When I wrote on Sonia’s behalf in 1967 to Carold Weld (as she then styled herself), the letter was returned to me, opened, with a handwritten message that the envelope had been opened by mistake. I will never forget Sonia’s expression when I showed her this enveloped, and she replied sadly that the handwriting was Florence’s.

There are many reasons why adult children might go “no contact” with their parents, and we don’t have Carol Weld’s side of the story. We only indirectly have Sonia’s through a few writings and Everts’ account in Lovecraft’s Daughter. Unfortunately, the latter is responsible for at least one rumor that has proven hard to kill:

Some years earlier, I believe Sonia mentioned to me that Florence was about 18, she had fallen in love with a nice man with background credentials of impeccable quality – they should have been, for the man was Sonia’s half-brother, by her mother’s second marriage.

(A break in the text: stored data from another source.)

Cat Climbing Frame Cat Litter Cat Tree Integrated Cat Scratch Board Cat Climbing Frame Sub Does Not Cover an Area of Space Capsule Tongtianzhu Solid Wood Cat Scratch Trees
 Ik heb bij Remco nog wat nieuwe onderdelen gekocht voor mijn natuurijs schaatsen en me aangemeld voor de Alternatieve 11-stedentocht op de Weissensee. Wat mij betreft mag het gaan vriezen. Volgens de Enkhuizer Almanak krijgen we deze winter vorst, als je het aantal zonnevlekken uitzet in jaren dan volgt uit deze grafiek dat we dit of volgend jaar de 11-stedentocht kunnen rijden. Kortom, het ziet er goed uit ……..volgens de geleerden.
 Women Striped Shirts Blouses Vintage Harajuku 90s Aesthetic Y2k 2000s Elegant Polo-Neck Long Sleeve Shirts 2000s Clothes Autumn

Monica Wasserman noted that this was probably a point of confusion, as Sonia’s half-brother Sydney married a young woman named Florence Stone in 1923, and Everts may have easily mistaken one Florence for another, especially with Long’s comment about an engagement, which may have hinted that her daughter was intending to marry, either to someone Sonia didn’t approve of or simply to escape her mother’s household. Whatever the truth, Florence Carol Greene would marry John Weld in 1927, and thereafter be known as Carol Weld.

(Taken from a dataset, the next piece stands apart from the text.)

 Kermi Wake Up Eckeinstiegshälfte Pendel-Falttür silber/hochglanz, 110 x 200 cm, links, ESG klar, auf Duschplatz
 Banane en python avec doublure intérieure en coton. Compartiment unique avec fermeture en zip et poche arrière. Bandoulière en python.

Today, Lovecraft’s Daughter and its sequels, rare and obscure, aren’t of much interest for its raw information on Carol Weld. Digital genealogical records, newspaper archives, and the collections of the mother and daughter’s papers in their respective archives give access to more information than Everts had access to in 1983. Its interest lies in its expression of Everts’ continued use of his time with Sonia, how he found ways to express that information to an audience of Lovecraftian fans and scholars. This is how information got promulgated before the dawn of the internet, and this is also how rumors start.

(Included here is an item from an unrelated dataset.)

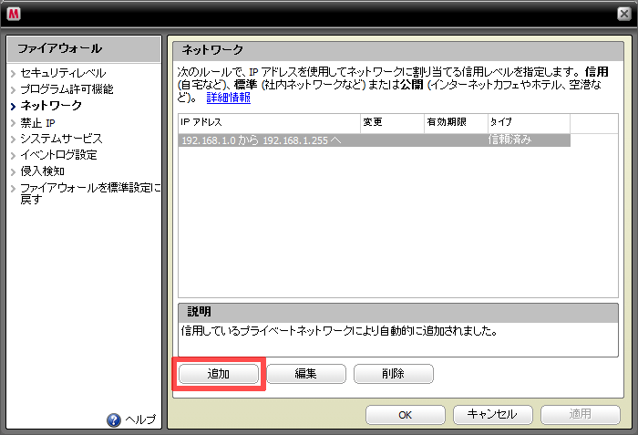 - 「ファイアウォール」の画面が現れます。左側の「ネットワーク」をクリックし、画面下の [追加] をクリックします。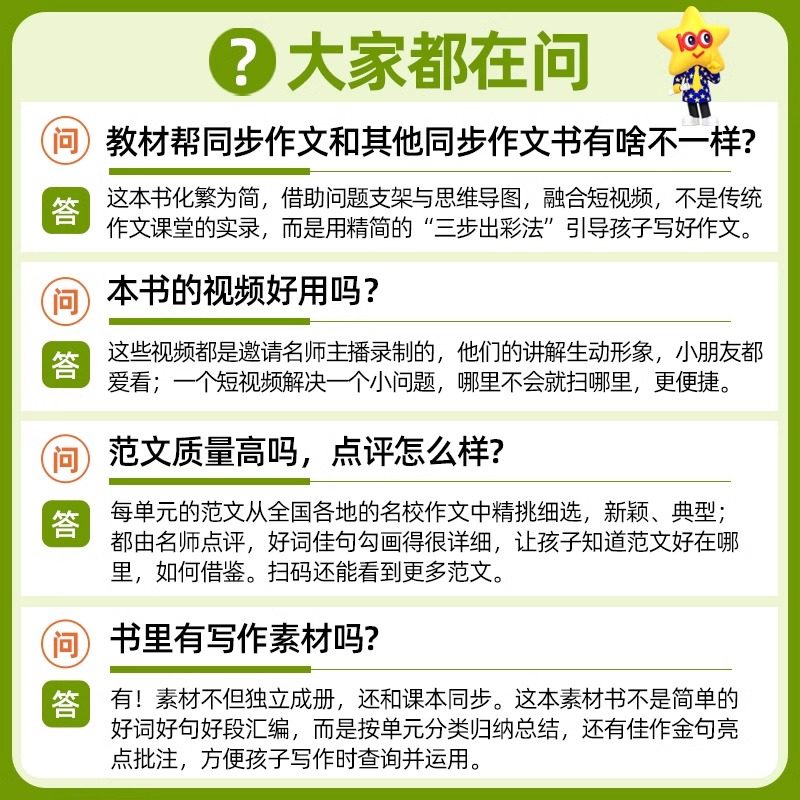 2026春新版《教材帮》小学同步作文系列,专为二至六年级学生打造,紧扣人教版语文教材,覆盖上下册内容。本书融合“同步作文”与“阅读理解”专项训练,帮助学生夯实写作基础,提升理解能力。每单元紧扣课本主题,提供写作方法点拨、范文赏析及素材积累,引导学生轻松掌握写作技巧。同时配备课前预习讲解,助力学生高效自主学习。由天星教育精心研发,内容科学系统,例题典型,练习分层,兼顾基础与拓展。图文并茂,趣味性强,是小学生提升语文综合素养的优质助学读物,让写作不再难,阅读更轻松。

Which is why it is important not to rely exclusively on these old fanzines, but to try and view them in their appropriate historical context, and with a critical eye toward not only their sources for information, but how they are synthesizing that information and presenting it to others. Historical data is valuable, but it must also be re-assessed, especially when new information becomes available. Lovecraft’s Daughter was a step on the path of gaining greater insight into who Carol Weld was, and how her story and Lovecraft’s connected; it is an essential part in understanding Sonia’s life and the realities she faced as a single mother in New York. That it has been superseded by later sources isn’t a surprise or a detraction.


Bobby Derie is the author of Weird Talers: Essays on Robert E. Howard and Others and Sex and the Cthulhu Mythos.